## Exercise goal
Return exactly, please, the line that contains "Peperoni ripieni di" and every line after it through the end of the material that follows, leaving pictures aside.

## Exercise materials
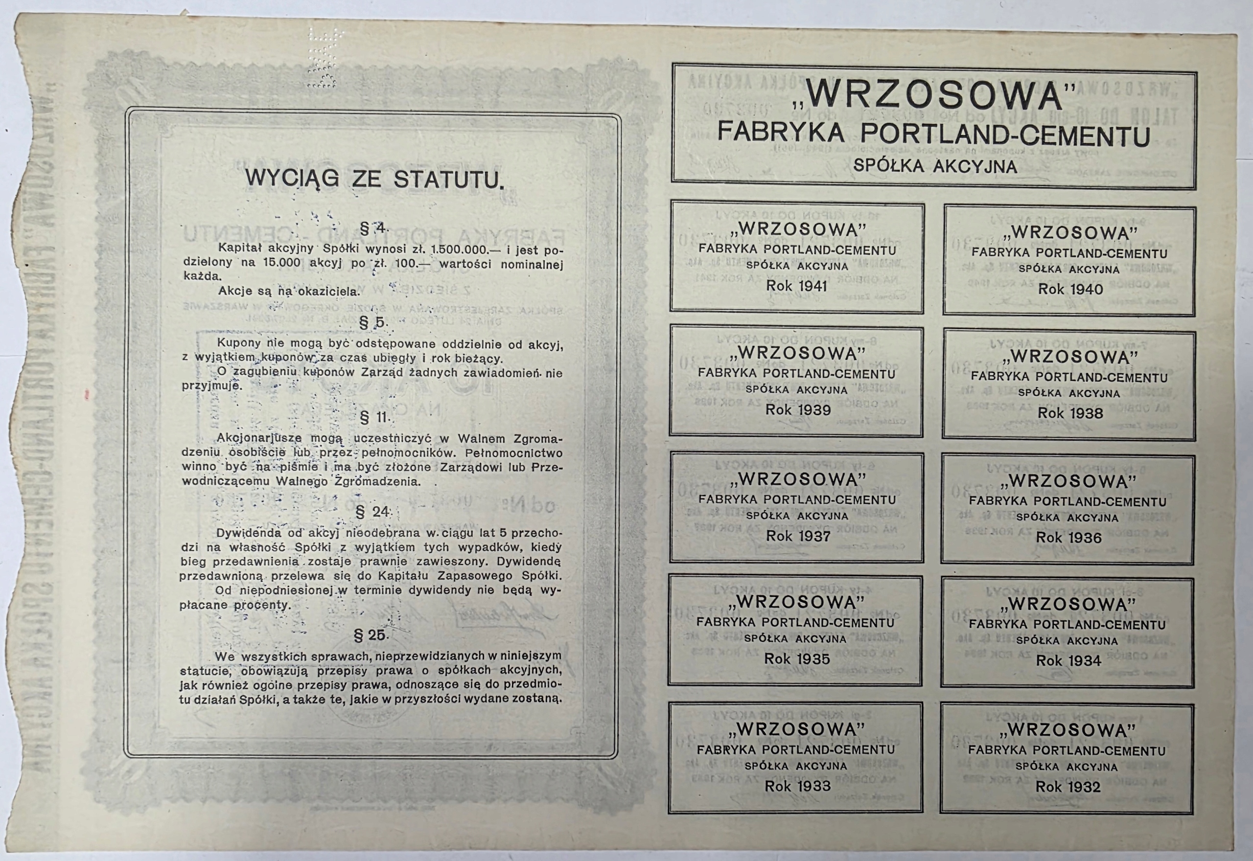 Уникальный, редкий сертификат акций известного цементного завода «Вжосова», расположенного недалеко от Ченстоховы, - одного из небольших, но процветающих предприятий строительной отрасли Второй Польской Республики.
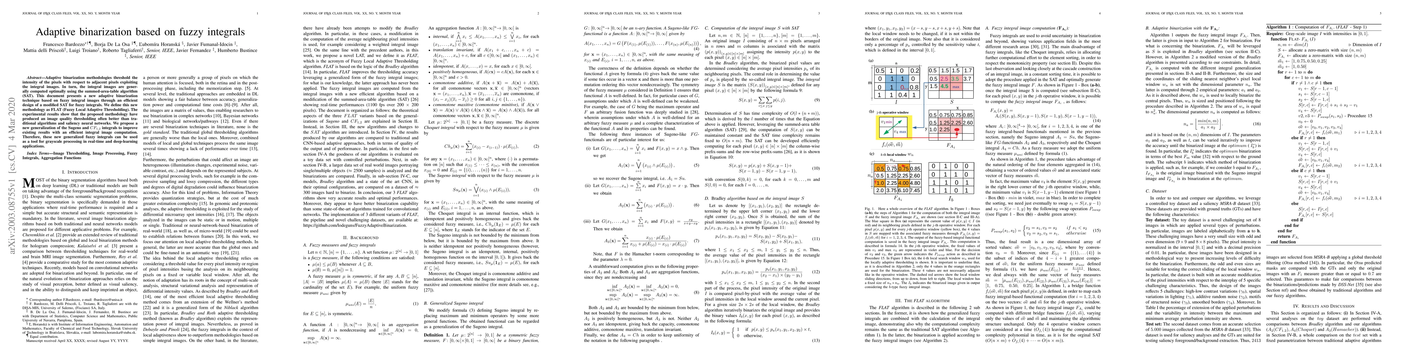 Adaptive binarization methodologies threshold the intensity of the pixels with respect to adjacent pixels exploiting the integral images. In turn, the integral images are generally computed optimally using the summed-area-table algorithm (SAT). This document presents a new adaptive binarization technique based on fuzzy integral images through an efficient design of a modified SAT for fuzzy integrals. We define this new methodology as FLAT (Fuzzy Local Adaptive Thresholding). The experimental results show that the proposed methodology have produced an image quality thresholding often better than traditional algorithms and saliency neural networks. We propose a new generalization of the Sugeno and CF 1,2 integrals to improve existing results with an efficient integral image computation. Therefore, these new generalized fuzzy integrals can be used as a tool for grayscale processing in real-time and deep-learning applications. Index Terms: Image Thresholding, Image Processing, Fuzzy Integrals, Aggregation Functions
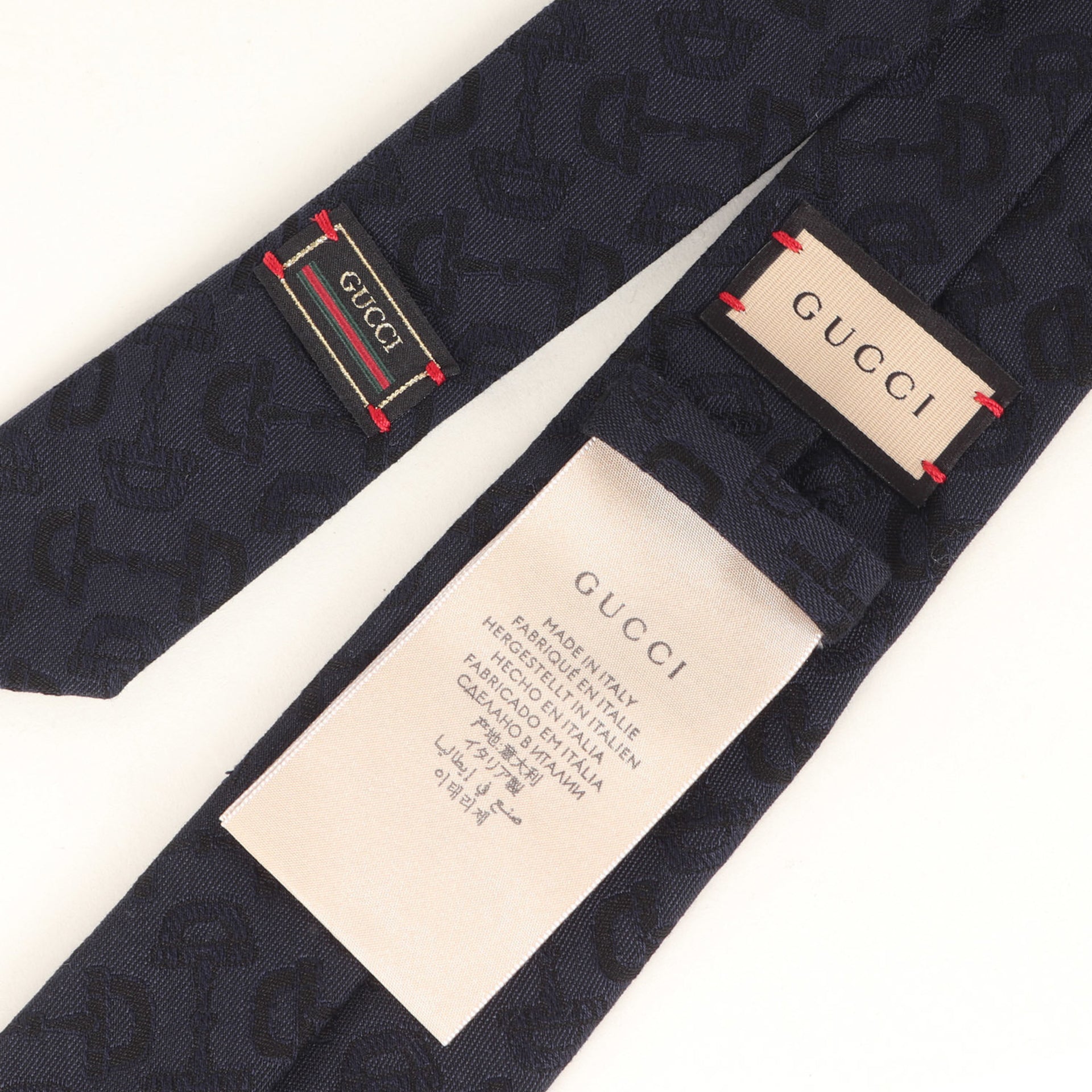 GUCCI Navy Horsebit Jacquard Cotton Wool Tie, Size: 148 x 7cm, 23SS, Men\'s (720997 4EAA3)
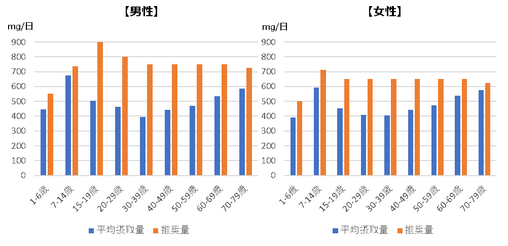 【出典】摂取量:厚生労働省 国民健康・栄養調査(平成30年)推奨量:日本人の食事摂取基準(2020年)を元に独自作成
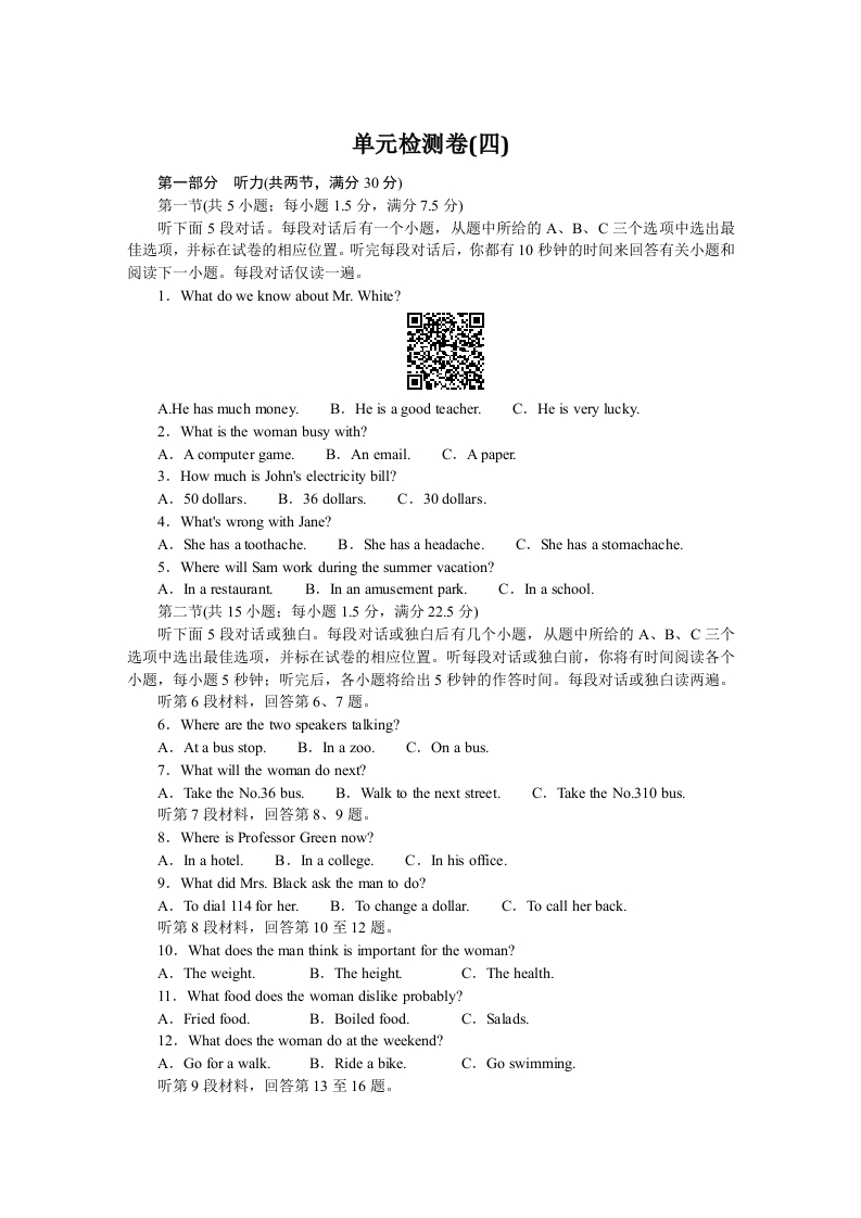 学生啦:单元检测卷(四)第一部分听力(共两节,满分30分)第一节(共5小题:每小题15分,满分7.5分)听下面5段对话。每段对话后有一个小题,从题中所给的A、B、C三个选项中选出最佳选项,并标在试卷的相应位置。听完每段对话后,你都有10秒钟的时间来回答有关小题和阅读下一小题。每段对话仅读一遍。1.What do we know about Mr.White?▣A.He has much money.B.He is a good teacher.C.He is very lucky.2.What is the woman busy with?A.A computer game.B.An email.C.A paper.3.How much is John's electricity bill?A.50 dollars.B.36 dollars.C.30 dollarsA.She has a toothache.B.She has a headache.C.She has a stomachache5.Where will Sam work during the summer vacation?A.In a restaurant.B.In an amusement park.C.In a school.第二节(共15小题:每小题1.5分,满分22.5分)听下面5段对话或独白。每段对话或独白后有几个小题,从题中所给的A、B、C三个选项中选出最佳选项,并标在试卷的相应位置。听每段对话或独白前,你将有时间阅读各个小题,每小题5秒钟:听完后,各小题将给出5秒钟的作答时间。每段对话或独白读两遍。听第6段材料,回答第6、7题。6.Where are the two speakers talking?A.At a bus stop.B.In a zoo.C.On a bus.7.What will the woman do next?A.Take the No.36 bus.B.Walk to the next street.C.Take the No.310 bus.听第7段材料,回答第8、9题。8.Where is Professor Green now?A.In a hotel.B.In a college.C.In his office.9.What did Mrs.Black ask the man to do?A.To dial 114 for her.B.To change a dollar.C.To call her back听第8段材料,回答第10至12题。10.What does the man think is important for the woman?A.The weight.B.The height.C.The health.11.What food does the woman dislike probably?A.Fried food.B.Boiled food.C.Salads.12.What does the woman do at the weekend?A.Go for a walk.B.Ride a bike.C.Go swimming.听第9段材料,回答第13至16题。
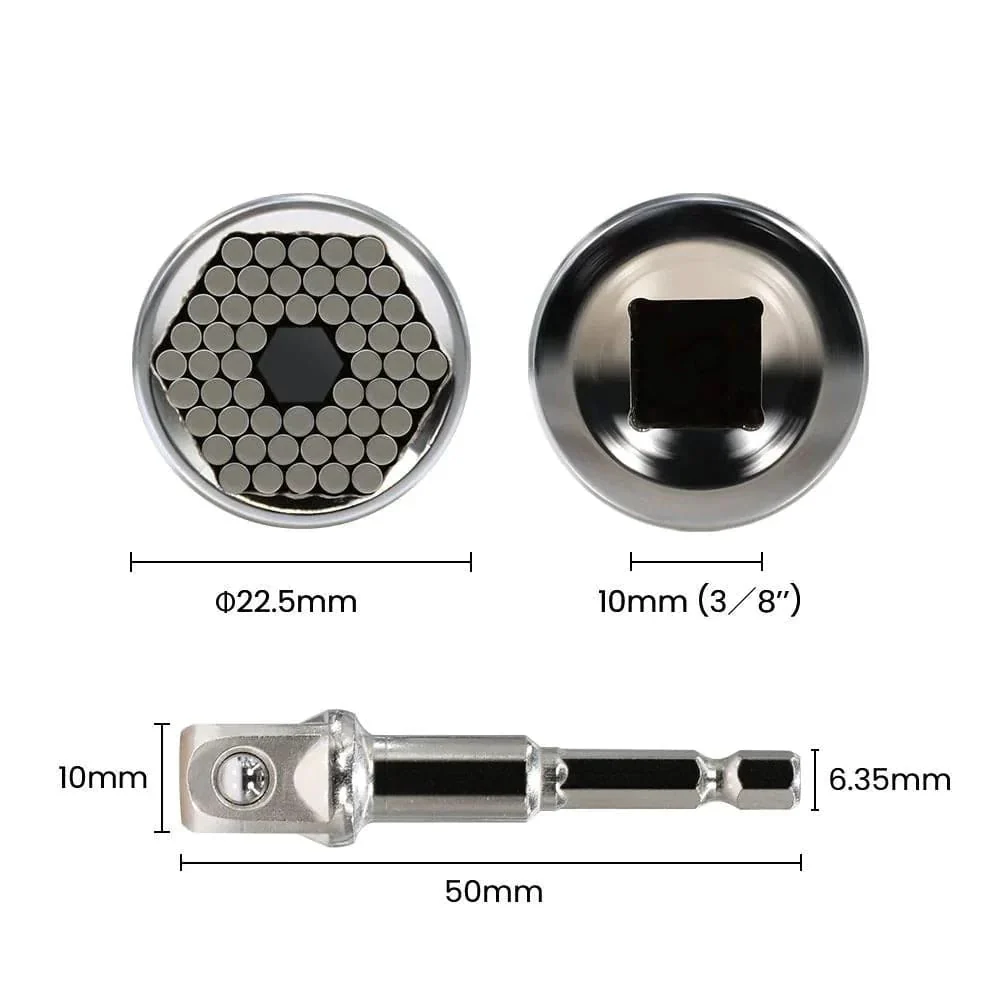 Diverse mogelijkheden – Profiteer van het brede scala applicaties en pas hem perfect aan op je boormachine, ratel driver of steeksleutel. Het is alles wat je nodig hebt voor het vastnemen van elke moer, bout of schroef. Bevestig en grijp alles vast met de Universele Tool sleutel.
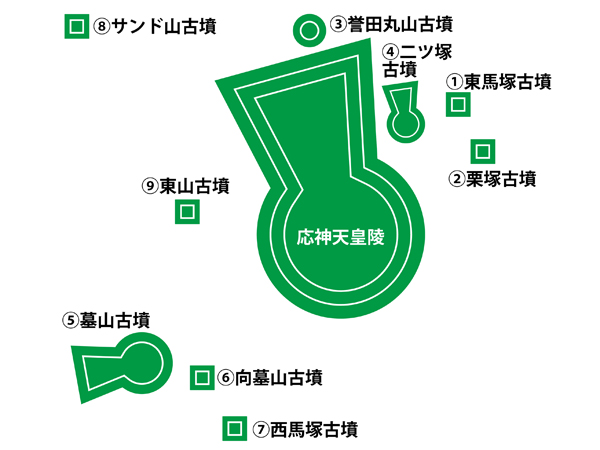 1~8が宮内庁より応神天皇陵の陪塚に指定されています。しかし、5~8は実際には応神天皇陵の陪塚ではないと考えられています。
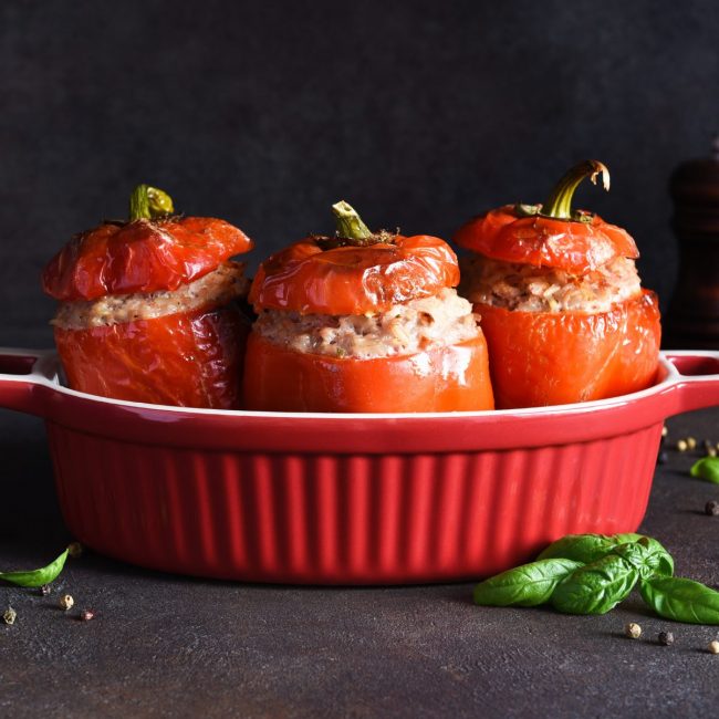 Peperoni ripieni di ricotta, melanzane e pinoli
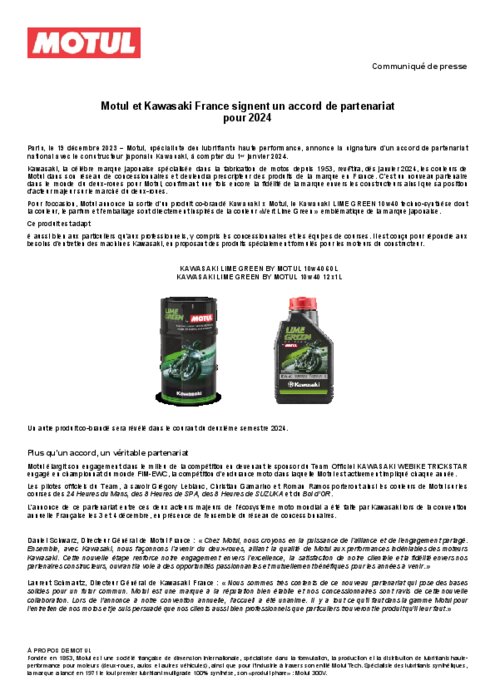 Pour l’occasion, Motul annonce la sortie d’un produit co-brandé Kawasaki x Motul, le Kawasaki LIME GREEN 10w40 techno-synthèse dont la couleur, le parfum et l’emballage sont directement inspirés de la couleur «Vert Lime Green » emblématique de la marque japonaise.
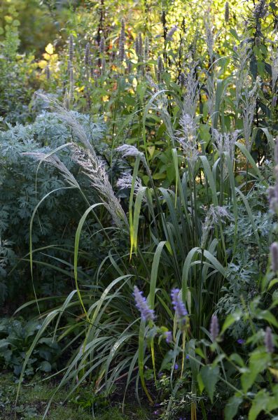 Mein neues Lieblingsgras ist Calamagrostis spec. Korea von Sarastro. Es hat viel breitere Halme als C. brachytricha und steht nicht so straff aufrecht, sondern hängt elegant über. Die Blüten sind dazu blau bereift. Eine große Pflanze davon muss beeindruckend sein! (habe schon in Gedanken Plätze für weitere freigegraben)
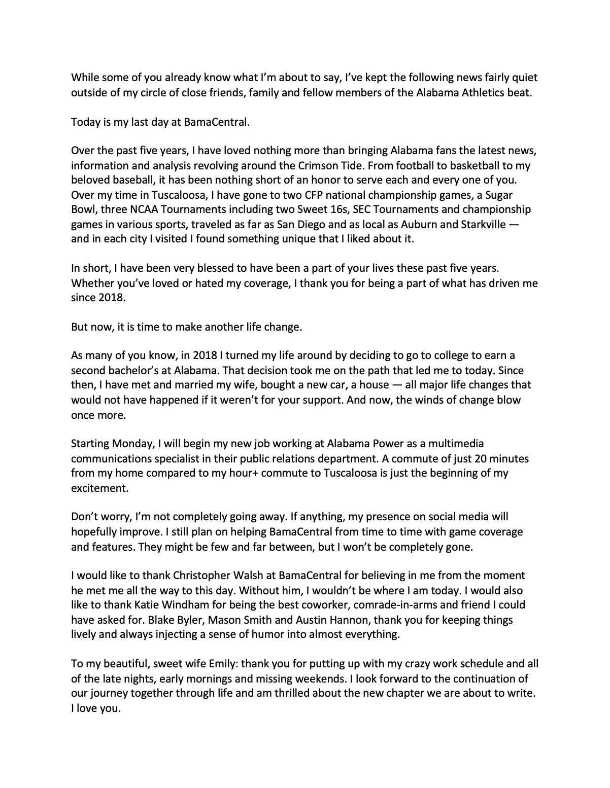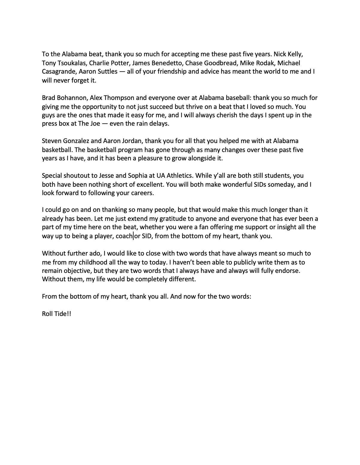 Happy for him but I hate to see this. He has been the main writer for Bama baseball and covered numerous other Bama sports. Many of the SI articles I post come from him. He wrote the article indicating the media owed Brandon Miller an apology before SI pulled it down. Thanks for covering Bama and cheers to you, Joey.
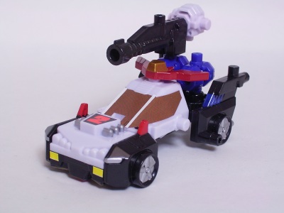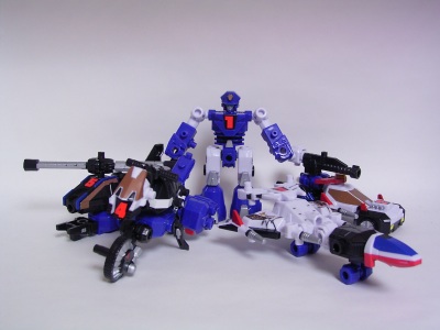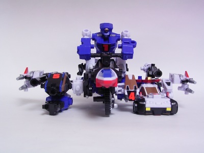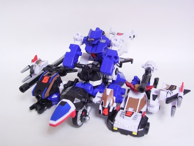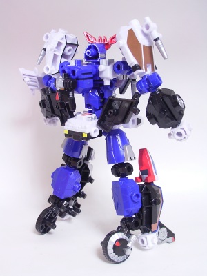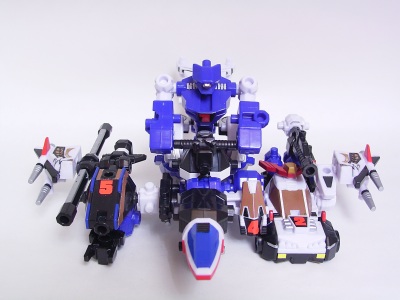 ビークル四機を合体させてバイク状態にして、ロイドを乗せた物です。 超○ビ○ューンのバイクがモチーフ。 それぞれがあんまりバラバラにならないよう、且つ車高が均一になるよう余りパーツを 配置するトコで難航。 あ、ソニックはバラけてますが。

## Answer box
 Peperoni ripieni di ricotta, melanzane e pinoli
 Pour l’occasion, Motul annonce la sortie d’un produit co-brandé Kawasaki x Motul, le Kawasaki LIME GREEN 10w40 techno-synthèse dont la couleur, le parfum et l’emballage sont directement inspirés de la couleur «Vert Lime Green » emblématique de la marque japonaise.
 Mein neues Lieblingsgras ist Calamagrostis spec. Korea von Sarastro. Es hat viel breitere Halme als C. brachytricha und steht nicht so straff aufrecht, sondern hängt elegant über. Die Blüten sind dazu blau bereift. Eine große Pflanze davon muss beeindruckend sein! (habe schon in Gedanken Plätze für weitere freigegraben)
 Happy for him but I hate to see this. He has been the main writer for Bama baseball and covered numerous other Bama sports. Many of the SI articles I post come from him. He wrote the article indicating the media owed Brandon Miller an apology before SI pulled it down. Thanks for covering Bama and cheers to you, Joey.
 ビークル四機を合体させてバイク状態にして、ロイドを乗せた物です。 超○ビ○ューンのバイクがモチーフ。 それぞれがあんまりバラバラにならないよう、且つ車高が均一になるよう余りパーツを 配置するトコで難航。 あ、ソニックはバラけてますが。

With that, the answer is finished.